楚天行大怒,便道:“死到临头,还敢嘲笑老夫!”。
楚天行挥掌便欲对眉儿痛下杀手,那黄竹叟却醒了来,挣扎着道:“老不羞,住,住手”。
楚天行转身,惊疑道:“挨了我两掌,竟然还不死,你真是个老不死的东西”。
黄竹叟道:“你杀了他们两,便是等于自杀,你不怕死吗?”。
楚天行顿时醒悟过来,便笑道:“我差点忘了,倘若这小子说谎,那两样东西不在他身上,老夫岂不是白费一番周折。不过这女娃儿倒是没用,不知好歹得紧,待我先宰了她,再救活这小子,把他带在身边,每天折磨他,让他受这五毒神掌之毒的折磨,不出半个月,他必定全都说了。我就不相信,他也不怕死”。
黄竹叟道:“这天底下,恐怕只有他一人知道那地宫的所在了。你杀了他,岂不是等于自杀。而且这小子是个情种,把女人看得比自己的命还重要,你若是杀了那女娃儿,他怎肯独活。你要杀一个人容易,但是要防止一个人寻死却难,他死了,你的时日也不多,我就不信,你能时时刻刻做他的奴才,把他看管伺候得舒舒服服的,保证他不寻死”。
黄竹叟大笑起来,一阵激烈的咳嗽。楚天行一愣,便道:“你少来这套,你想让他两活,便告诉我那女娃儿的下落。否则,待我搜完了他们两,若没有那两样东西,我便杀光你们,却可以给你留个全尸”。
楚天行转身便向眉儿和寒江雪过来。那眉儿只紧紧护住寒江雪,把寒江雪紧紧抱住,挡在楚天行前。
寒江雪此时迷迷糊糊,嘴里只喃喃道:“蕊儿,蕊儿,我害了你……”。
楚天行大笑道:“好个痴男怨女,花心浪子,怀里抱着一位,却还想着另外一位,果真和你老子一般,此刻死在女人的肚皮上,却也甚好,算是成全了你”。
楚天行举掌便欲朝眉儿挥下。

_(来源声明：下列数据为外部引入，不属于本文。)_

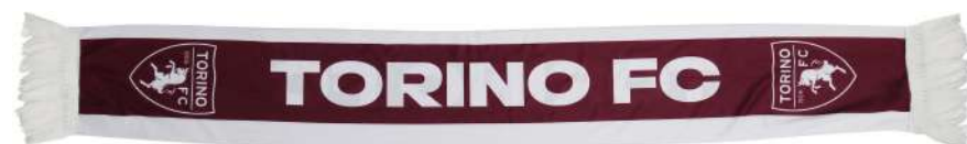
TR.SCPOLY01 SCIARPA POLIESTERE SCRITTA BIANCA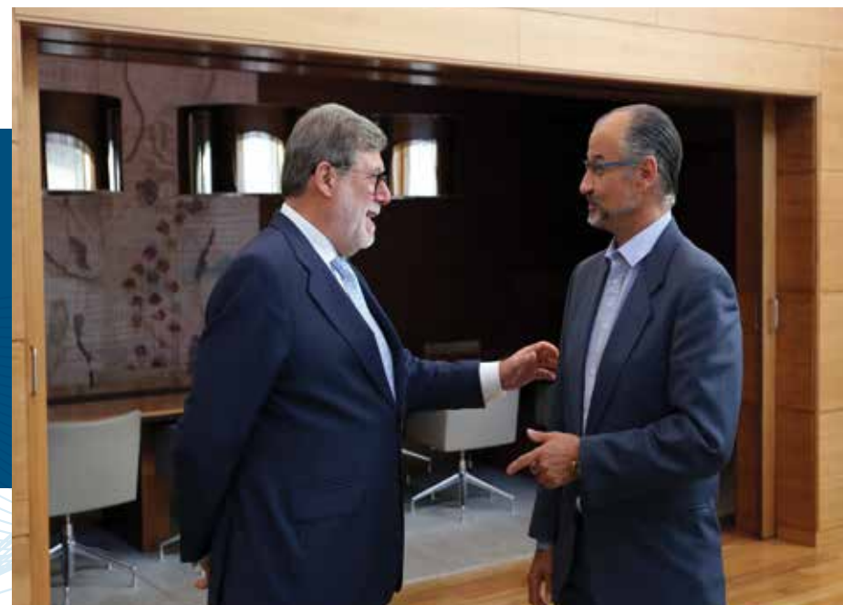
Primer encuentro institucional con el presidente de las Cortes de Castilla y León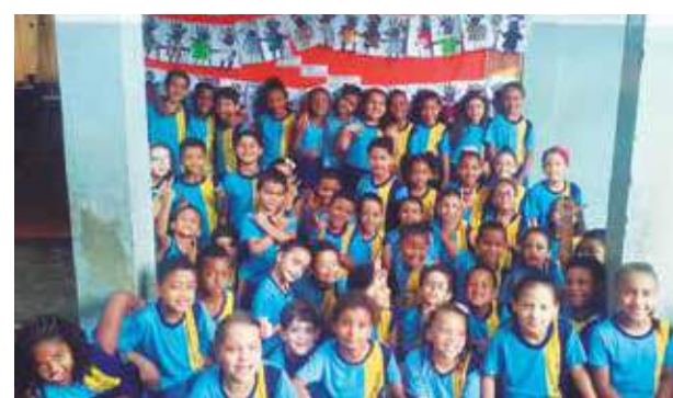
20 de novembro foi o dia da Consciência Negra. Os alunos dos primeiros anos da Escola «Dr. Gomes Freire» aprenderam a valorizar e a respeitar a cultura negra no Brasil e ver como foi grandiosa a influência dos negros na cultura brasileira.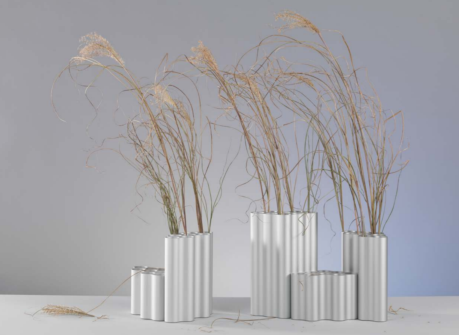
Boven: herfst en winter met grassen Onderaan links: het hele jaar door zomer met gloriosa Onderaan rechts: lente met kersenbloesemtakken en tulpen

突然,那空中一股刺耳激烈的破空之声传来。楚天行大惊,急忙一闪身,只见一小截如刀的冰凌擦着楚天行的耳畔便飞了过去,嗖的一声击在枯树桩上,竟直没进树身里。
楚天行转身笑道:“‘捏指飞花’,原来是大嫂子来了,愚第有礼。这些年愚第听闻江湖上出了一位大名鼎鼎的‘住色神尼’,细打听才知道竟是大嫂。当日一别,转眼二十年,没想到大嫂竟当了尼姑,还请大嫂出来一见”。
楚天行话音落下良久,却不见任何人出来。此时寒江雪悠悠转醒,见眉儿扑在自己的怀里哭得死去活来,便半死不活的笑道:“你可知道,美人的眼泪都是珍珠儿呢,你流了这许多,怪可惜的”。
眉儿见寒江雪醒来,又惊又喜,便被他的一番话逗得忍不住含泪笑了起来。
楚天行怒道:“既然来了,何必藏头露尾。这却不是当年大嫂子的风格。当年你敢爱敢恨,连‘紫玉冷剑’的男人都敢抢,还怕出来见一见当年的老兄弟吗?”。
楚天行内力深厚,这一番话直在山间回荡,把那头顶盘旋着的白雕惊得振翅而去。
寒江雪急忙捂住眉儿的耳朵。却听得不远处一阵萧声悠悠扬扬的传来。
众人一时听得入神。这萧声起初如泣如诉,慢慢的便妩媚风流,说不尽的缠绵恩爱。听到入骨处,便有如群群妖艳的美人在眼前舞蹈一般。
寒江雪开始一阵心醉神摇。那楚天行惊笑道:“大嫂子真是秉性不改,竟然要对老兄弟使这下三滥的手段,难不成要和老兄弟梅开二度不成”。
楚天行开始对着那萧声哼哈哼哈的呵起来,却每一声都呵在萧声的节眼处,似乎在和那萧声对抗。
眉儿此时听得明白,便惊道:“艳骨魔音”曲,快闭眼调息,不可乱了心神。
眉儿说着便连忙撕下一块衣带,又撕碎成几块,连忙把自己和寒江雪的耳朵堵住。
两人连忙静坐调息,无奈寒江雪秉性风流,那萧声开始穿金裂石,虽堵住了耳朵,还是隐隐约约的传进寒江雪的耳朵里。